Julius Mosen (Julius Moses) was born at Marieney in the Saxon Vogtland, the son of Johannes Gottlob Moses, the cantor and schoolmaster of Marieney. He studied at the Gymnasium in Plauen from 1817 to 1822, and afterwards studied law at the University of Jena. During a two-year-long visit to Italy, he received the inspiration that resulted several years later in his major works (Ritter Wahn, Cola Rienzi, Der Kongreß von Verona).
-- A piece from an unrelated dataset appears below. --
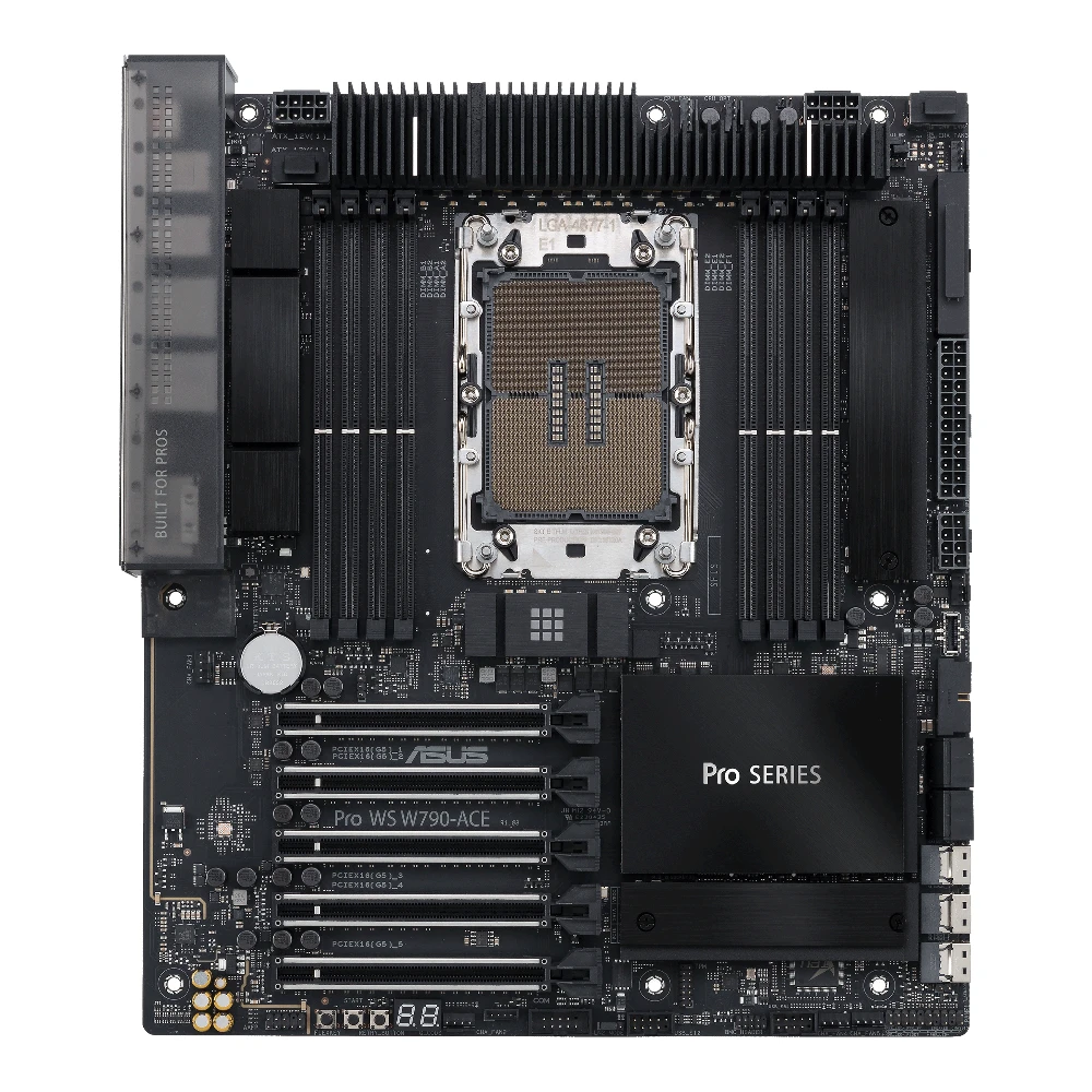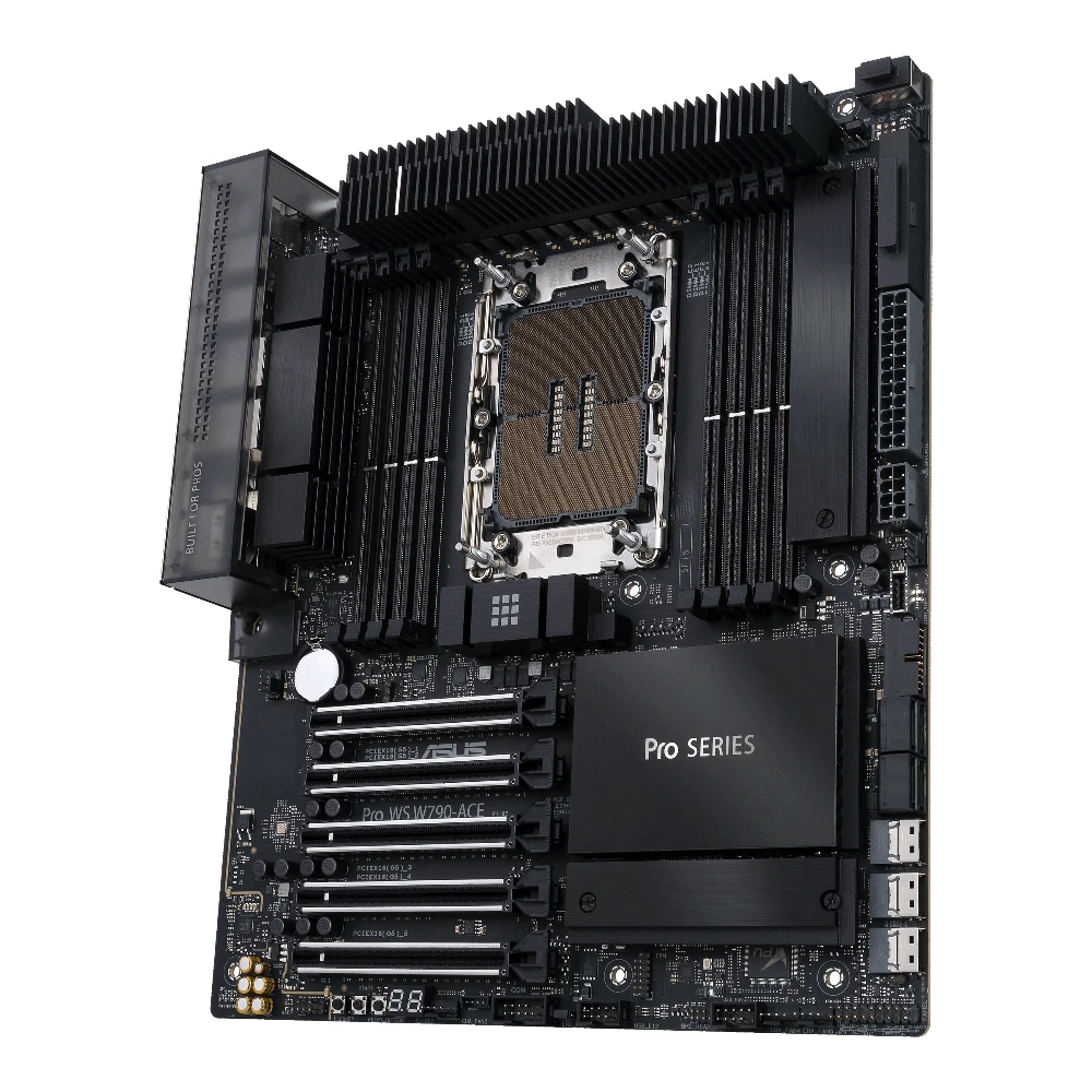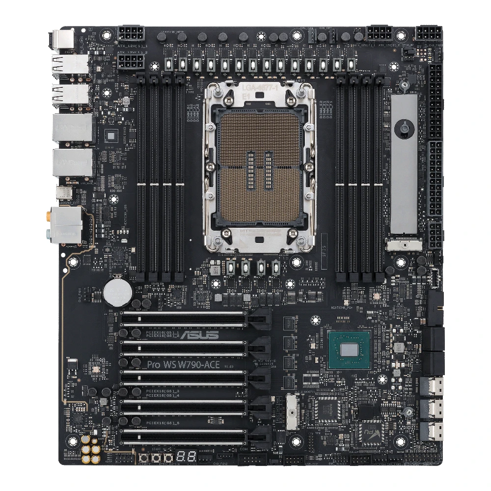 ASUS PRO WS W790-ACE. Processor manufacturer: Intel, Processor socket: LGA 4677, Compatible processor series: Intel Xeon W. Supported memory types: DDR5-SDRAM, Maximum internal memory: 2.05 TB, Memory slots type: DIMM. Supported storage drive interfaces: M.2, SATA III, Supported storage drive types: HDD & SSD, RAID levels: 0, 1, 5, 10. Ethernet interface type: 2.5 Gigabit Ethernet, 10 Gigabit Ethernet, Fast Ethernet, Gigabit Ethernet. Component for: Workstation, Motherboard chipset family: Intel, Motherboard chipset: Intel W790

A steel engraving inspired by Mosen's "Die letzte zehn" poem

On his return, he finished his law studies at Leipzig, where he then worked as a lawyer. From 1835 to 1844 he was an independent advocate in Dresden. He had meanwhile shown great literary promise in his Lied vom Ritter Wahn (1831). This was followed by the more philosophical Ahasvar (1838), and by a volume of poems, Gedichte (1836, 2nd ed., 1843), among which Andreas Hofer and Die letzten Zehn vom vierten Regiment became popular. As an active freemason in Dresden he encountered several important literary figures, including Ludwig Tieck, Ludwig Uhland, Georg Herwegh, Richard Wagner and Gottfried Semper, and was soon himself reckoned to be among the best-known German poets.